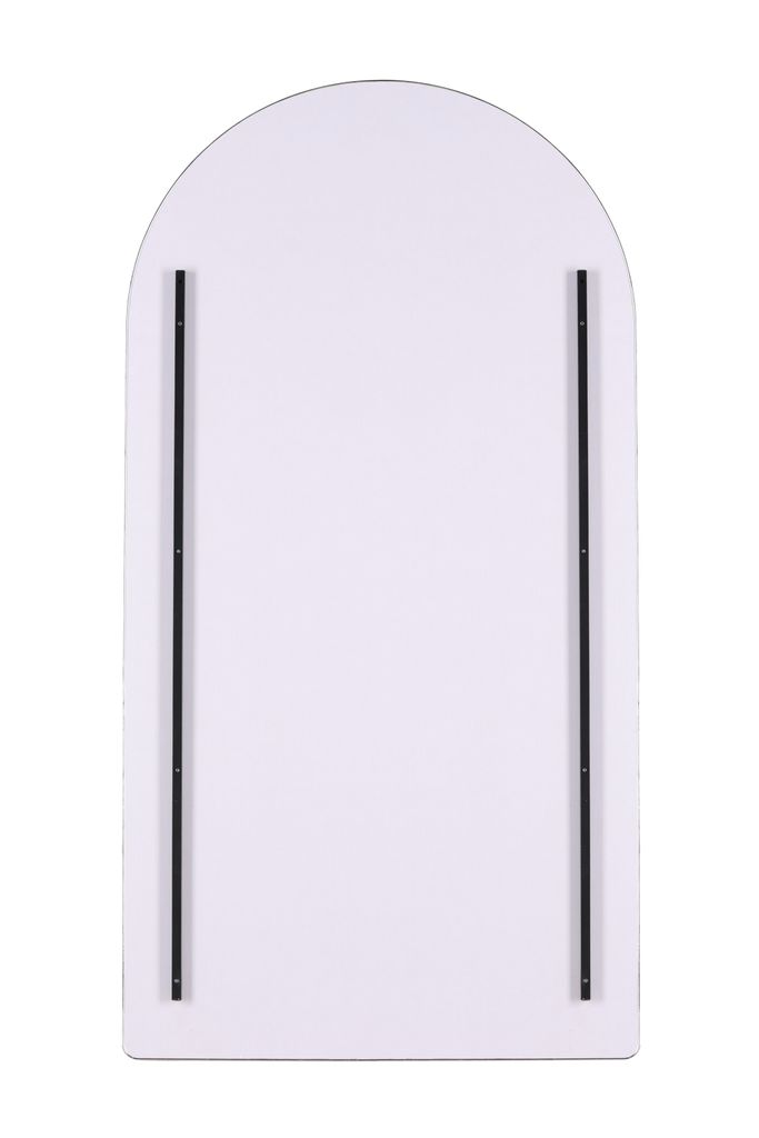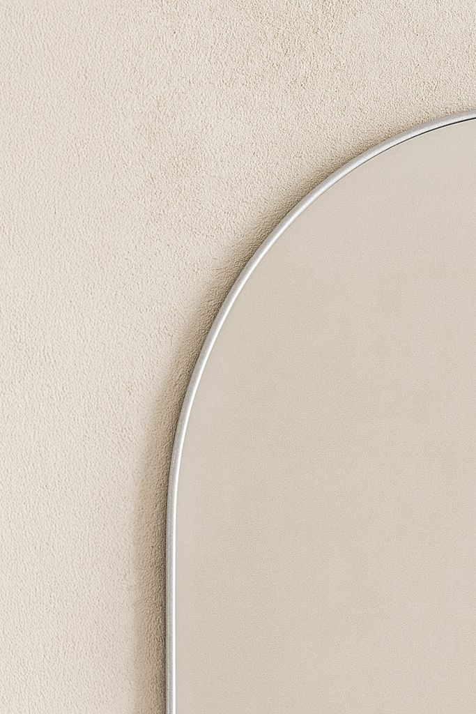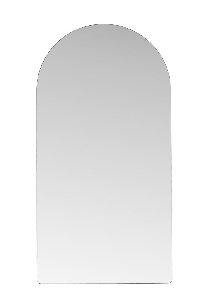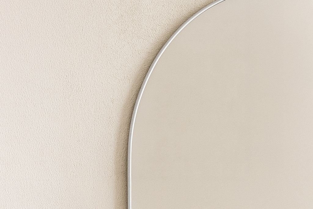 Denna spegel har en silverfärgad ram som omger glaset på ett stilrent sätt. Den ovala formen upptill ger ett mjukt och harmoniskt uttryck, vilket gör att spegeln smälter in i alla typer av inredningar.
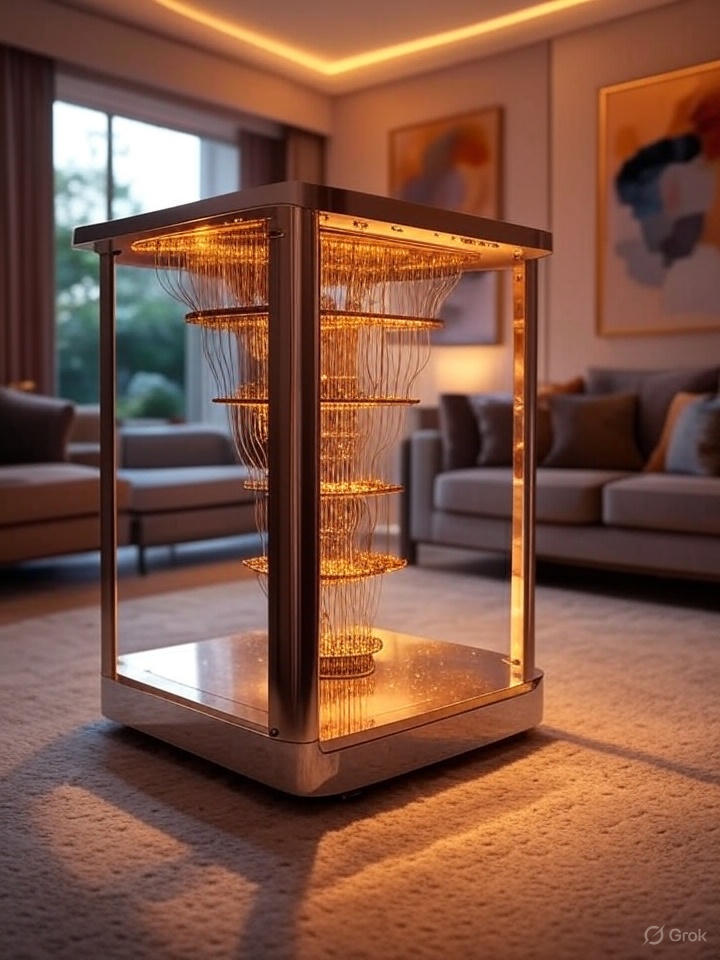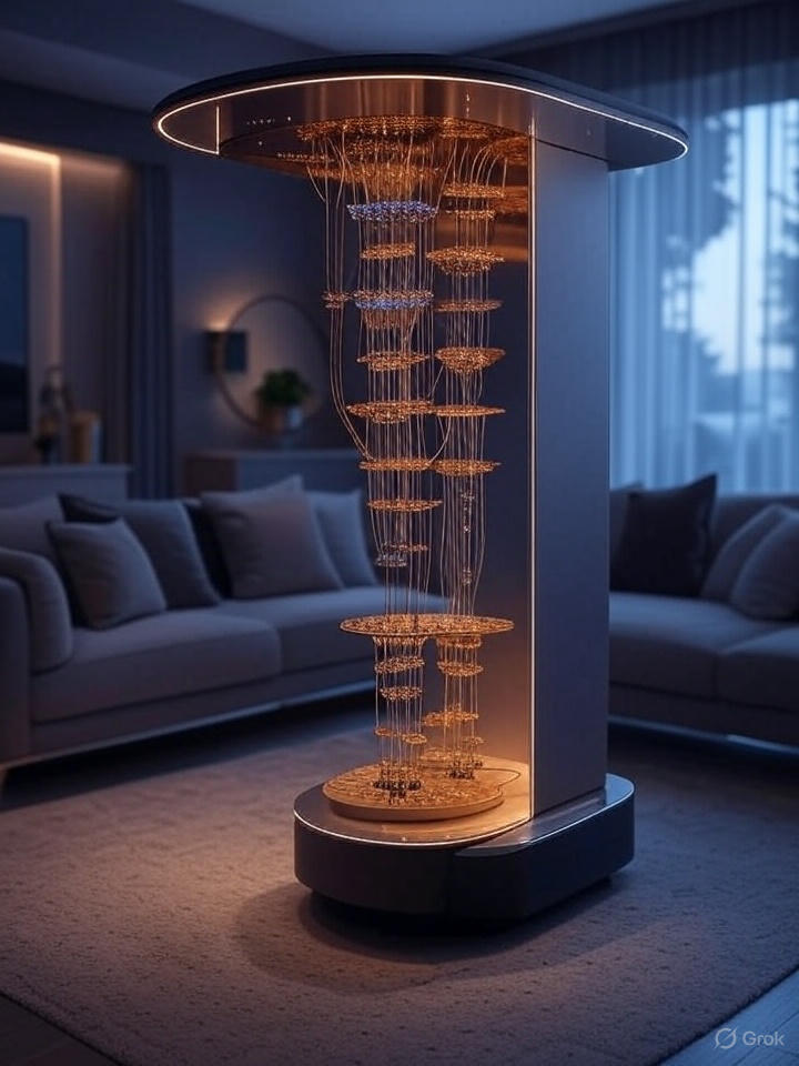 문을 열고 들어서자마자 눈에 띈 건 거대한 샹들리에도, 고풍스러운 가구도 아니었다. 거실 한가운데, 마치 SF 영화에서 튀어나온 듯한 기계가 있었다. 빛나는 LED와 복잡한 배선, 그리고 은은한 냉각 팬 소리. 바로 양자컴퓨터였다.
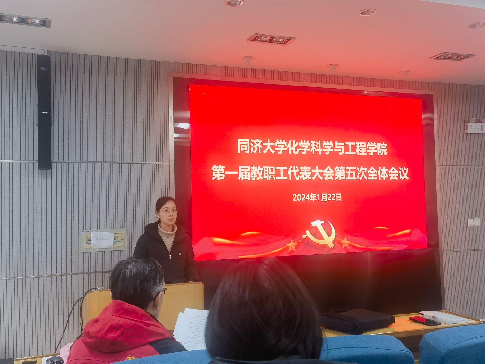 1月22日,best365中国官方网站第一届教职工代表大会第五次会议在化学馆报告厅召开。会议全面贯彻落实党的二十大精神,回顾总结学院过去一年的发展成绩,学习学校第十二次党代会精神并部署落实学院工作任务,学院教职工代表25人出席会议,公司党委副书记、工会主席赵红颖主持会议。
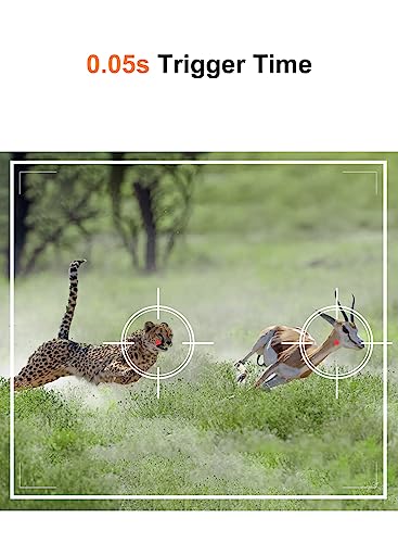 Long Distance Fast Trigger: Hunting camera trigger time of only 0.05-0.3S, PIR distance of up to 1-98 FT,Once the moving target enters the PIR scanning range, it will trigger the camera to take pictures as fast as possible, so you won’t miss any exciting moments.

-------------------------

• **PROBLEM STATEMENT**: Up to and including the line with "문을 열고 들어서자마자", copy the data above from its first line. Skip pictures.

• **ANSWER FOR THIS EXERCISE**:
 Denna spegel har en silverfärgad ram som omger glaset på ett stilrent sätt. Den ovala formen upptill ger ett mjukt och harmoniskt uttryck, vilket gör att spegeln smälter in i alla typer av inredningar.
 문을 열고 들어서자마자 눈에 띈 건 거대한 샹들리에도, 고풍스러운 가구도 아니었다. 거실 한가운데, 마치 SF 영화에서 튀어나온 듯한 기계가 있었다. 빛나는 LED와 복잡한 배선, 그리고 은은한 냉각 팬 소리. 바로 양자컴퓨터였다.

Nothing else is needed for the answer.